What is needed: Scan the entries below and extract each line with the word "ASEAN" in it.
[[ Input data open ]]
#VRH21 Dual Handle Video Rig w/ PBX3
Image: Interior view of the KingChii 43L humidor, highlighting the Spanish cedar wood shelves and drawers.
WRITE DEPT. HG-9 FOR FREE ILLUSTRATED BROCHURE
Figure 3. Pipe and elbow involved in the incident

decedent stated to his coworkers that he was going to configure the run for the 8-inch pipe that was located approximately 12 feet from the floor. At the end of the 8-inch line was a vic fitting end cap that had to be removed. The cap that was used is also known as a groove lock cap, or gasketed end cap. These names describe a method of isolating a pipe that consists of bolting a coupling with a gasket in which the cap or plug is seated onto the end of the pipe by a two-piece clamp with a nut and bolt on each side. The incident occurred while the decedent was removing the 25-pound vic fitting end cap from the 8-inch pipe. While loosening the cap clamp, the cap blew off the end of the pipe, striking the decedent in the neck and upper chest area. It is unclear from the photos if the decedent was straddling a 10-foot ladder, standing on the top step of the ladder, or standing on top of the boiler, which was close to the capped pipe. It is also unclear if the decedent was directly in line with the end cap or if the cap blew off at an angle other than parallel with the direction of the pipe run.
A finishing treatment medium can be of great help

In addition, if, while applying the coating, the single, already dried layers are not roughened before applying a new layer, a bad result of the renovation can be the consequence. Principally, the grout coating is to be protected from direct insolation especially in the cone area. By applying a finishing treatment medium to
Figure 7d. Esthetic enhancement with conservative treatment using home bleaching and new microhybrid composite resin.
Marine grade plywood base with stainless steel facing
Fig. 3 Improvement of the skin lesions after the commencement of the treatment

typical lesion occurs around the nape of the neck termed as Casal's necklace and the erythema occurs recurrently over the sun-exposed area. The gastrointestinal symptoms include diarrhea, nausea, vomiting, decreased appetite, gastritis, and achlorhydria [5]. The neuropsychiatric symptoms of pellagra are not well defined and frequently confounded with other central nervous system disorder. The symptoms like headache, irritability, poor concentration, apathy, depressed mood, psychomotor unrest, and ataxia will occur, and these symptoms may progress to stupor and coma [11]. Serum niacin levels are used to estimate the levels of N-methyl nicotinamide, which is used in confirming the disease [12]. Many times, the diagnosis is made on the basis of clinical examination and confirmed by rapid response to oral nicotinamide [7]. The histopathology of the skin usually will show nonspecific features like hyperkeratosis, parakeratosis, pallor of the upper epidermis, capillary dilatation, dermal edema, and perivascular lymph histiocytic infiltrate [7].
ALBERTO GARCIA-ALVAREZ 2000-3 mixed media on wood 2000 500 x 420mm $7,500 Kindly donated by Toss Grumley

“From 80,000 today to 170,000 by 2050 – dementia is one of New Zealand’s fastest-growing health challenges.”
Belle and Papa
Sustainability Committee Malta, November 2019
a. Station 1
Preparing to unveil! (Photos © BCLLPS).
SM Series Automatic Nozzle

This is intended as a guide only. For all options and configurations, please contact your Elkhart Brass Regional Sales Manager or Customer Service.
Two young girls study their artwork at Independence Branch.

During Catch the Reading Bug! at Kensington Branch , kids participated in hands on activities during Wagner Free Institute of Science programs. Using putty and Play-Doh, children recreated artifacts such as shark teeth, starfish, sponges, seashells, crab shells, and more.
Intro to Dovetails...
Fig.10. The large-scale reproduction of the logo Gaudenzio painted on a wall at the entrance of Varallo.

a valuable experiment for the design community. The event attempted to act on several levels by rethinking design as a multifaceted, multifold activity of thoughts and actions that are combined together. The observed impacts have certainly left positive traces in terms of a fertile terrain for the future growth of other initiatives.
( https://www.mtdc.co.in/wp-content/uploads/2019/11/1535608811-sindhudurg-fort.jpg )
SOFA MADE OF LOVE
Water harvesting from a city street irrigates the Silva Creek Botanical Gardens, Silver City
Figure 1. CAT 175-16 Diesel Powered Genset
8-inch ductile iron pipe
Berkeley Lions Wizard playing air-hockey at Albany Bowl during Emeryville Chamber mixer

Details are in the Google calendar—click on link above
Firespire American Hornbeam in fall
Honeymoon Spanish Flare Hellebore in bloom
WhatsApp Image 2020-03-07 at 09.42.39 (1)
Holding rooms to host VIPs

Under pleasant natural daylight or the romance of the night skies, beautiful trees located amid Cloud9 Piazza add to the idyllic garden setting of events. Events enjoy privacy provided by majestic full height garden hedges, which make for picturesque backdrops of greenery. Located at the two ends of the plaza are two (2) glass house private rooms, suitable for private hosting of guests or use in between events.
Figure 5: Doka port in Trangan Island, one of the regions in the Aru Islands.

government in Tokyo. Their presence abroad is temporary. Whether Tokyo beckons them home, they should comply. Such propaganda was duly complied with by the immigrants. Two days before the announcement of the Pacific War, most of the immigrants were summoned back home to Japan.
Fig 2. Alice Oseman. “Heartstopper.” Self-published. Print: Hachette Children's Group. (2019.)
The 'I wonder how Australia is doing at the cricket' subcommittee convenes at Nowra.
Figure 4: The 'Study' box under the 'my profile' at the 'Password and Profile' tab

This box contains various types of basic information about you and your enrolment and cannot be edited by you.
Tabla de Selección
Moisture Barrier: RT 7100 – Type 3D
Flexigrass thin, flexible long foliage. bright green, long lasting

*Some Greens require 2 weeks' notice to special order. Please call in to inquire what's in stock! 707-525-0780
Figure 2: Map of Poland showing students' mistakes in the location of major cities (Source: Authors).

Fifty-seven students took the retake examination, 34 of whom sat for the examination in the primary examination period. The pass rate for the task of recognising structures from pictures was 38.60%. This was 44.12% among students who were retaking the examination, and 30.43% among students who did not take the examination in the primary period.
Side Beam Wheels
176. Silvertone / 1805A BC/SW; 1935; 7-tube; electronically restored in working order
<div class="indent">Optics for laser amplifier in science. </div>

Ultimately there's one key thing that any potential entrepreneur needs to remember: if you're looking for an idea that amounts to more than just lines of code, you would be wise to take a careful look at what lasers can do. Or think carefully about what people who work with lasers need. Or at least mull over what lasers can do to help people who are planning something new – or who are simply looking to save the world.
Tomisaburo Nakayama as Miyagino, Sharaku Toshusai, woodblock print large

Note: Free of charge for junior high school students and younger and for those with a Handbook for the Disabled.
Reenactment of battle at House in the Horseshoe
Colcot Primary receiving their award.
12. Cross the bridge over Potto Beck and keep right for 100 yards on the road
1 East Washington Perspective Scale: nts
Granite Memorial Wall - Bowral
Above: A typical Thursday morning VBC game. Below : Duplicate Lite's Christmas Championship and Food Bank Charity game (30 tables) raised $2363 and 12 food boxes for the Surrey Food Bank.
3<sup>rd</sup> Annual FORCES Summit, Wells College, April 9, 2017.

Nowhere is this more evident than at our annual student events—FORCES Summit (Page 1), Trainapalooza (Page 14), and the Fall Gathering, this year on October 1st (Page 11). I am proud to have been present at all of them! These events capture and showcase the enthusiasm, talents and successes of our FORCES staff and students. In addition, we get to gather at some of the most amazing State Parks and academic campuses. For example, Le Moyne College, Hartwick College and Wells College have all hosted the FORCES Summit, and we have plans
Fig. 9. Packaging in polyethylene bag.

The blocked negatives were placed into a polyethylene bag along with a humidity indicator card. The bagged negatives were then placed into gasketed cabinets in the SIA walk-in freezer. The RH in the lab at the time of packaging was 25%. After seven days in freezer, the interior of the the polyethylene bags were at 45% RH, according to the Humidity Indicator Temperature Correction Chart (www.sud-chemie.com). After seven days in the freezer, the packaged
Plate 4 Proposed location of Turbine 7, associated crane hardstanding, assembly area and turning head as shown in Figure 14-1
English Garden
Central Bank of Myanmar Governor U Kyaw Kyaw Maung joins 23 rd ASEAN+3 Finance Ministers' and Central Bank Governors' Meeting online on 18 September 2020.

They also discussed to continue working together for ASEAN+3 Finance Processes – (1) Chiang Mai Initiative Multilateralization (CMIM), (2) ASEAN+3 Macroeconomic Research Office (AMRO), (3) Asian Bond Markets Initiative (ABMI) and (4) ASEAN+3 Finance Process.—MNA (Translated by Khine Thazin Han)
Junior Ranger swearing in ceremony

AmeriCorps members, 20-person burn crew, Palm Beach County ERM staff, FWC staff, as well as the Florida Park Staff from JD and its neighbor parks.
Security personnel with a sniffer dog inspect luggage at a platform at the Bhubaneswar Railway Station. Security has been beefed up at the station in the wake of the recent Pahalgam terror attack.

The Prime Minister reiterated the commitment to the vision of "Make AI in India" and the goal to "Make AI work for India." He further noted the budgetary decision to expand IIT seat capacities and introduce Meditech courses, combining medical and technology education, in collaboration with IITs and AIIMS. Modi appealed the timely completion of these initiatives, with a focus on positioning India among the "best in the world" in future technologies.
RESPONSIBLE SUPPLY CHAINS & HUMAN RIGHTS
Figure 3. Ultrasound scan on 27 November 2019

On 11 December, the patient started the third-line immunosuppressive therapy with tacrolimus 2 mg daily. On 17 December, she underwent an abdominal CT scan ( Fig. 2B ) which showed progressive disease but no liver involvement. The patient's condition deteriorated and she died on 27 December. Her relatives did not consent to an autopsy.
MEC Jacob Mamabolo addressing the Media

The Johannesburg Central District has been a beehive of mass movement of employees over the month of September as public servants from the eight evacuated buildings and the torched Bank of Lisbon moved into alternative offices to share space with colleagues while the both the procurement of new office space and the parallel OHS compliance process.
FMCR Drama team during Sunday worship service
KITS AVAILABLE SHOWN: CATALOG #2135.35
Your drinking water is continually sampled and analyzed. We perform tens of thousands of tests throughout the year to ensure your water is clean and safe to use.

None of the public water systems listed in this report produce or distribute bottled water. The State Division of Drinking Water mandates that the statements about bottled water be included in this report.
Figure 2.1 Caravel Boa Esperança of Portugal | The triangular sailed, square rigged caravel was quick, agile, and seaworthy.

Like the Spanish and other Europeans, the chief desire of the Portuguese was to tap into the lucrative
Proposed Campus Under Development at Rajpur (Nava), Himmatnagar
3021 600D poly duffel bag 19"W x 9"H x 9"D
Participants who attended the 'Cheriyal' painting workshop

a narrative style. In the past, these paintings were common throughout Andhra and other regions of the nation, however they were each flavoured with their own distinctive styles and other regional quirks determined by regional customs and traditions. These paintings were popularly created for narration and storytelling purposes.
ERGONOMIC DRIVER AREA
[[ Input data closed ]]
Result of this exercise:
Central Bank of Myanmar Governor U Kyaw Kyaw Maung joins 23 rd ASEAN+3 Finance Ministers' and Central Bank Governors' Meeting online on 18 September 2020.
They also discussed to continue working together for ASEAN+3 Finance Processes – (1) Chiang Mai Initiative Multilateralization (CMIM), (2) ASEAN+3 Macroeconomic Research Office (AMRO), (3) Asian Bond Markets Initiative (ABMI) and (4) ASEAN+3 Finance Process.—MNA (Translated by Khine Thazin Han)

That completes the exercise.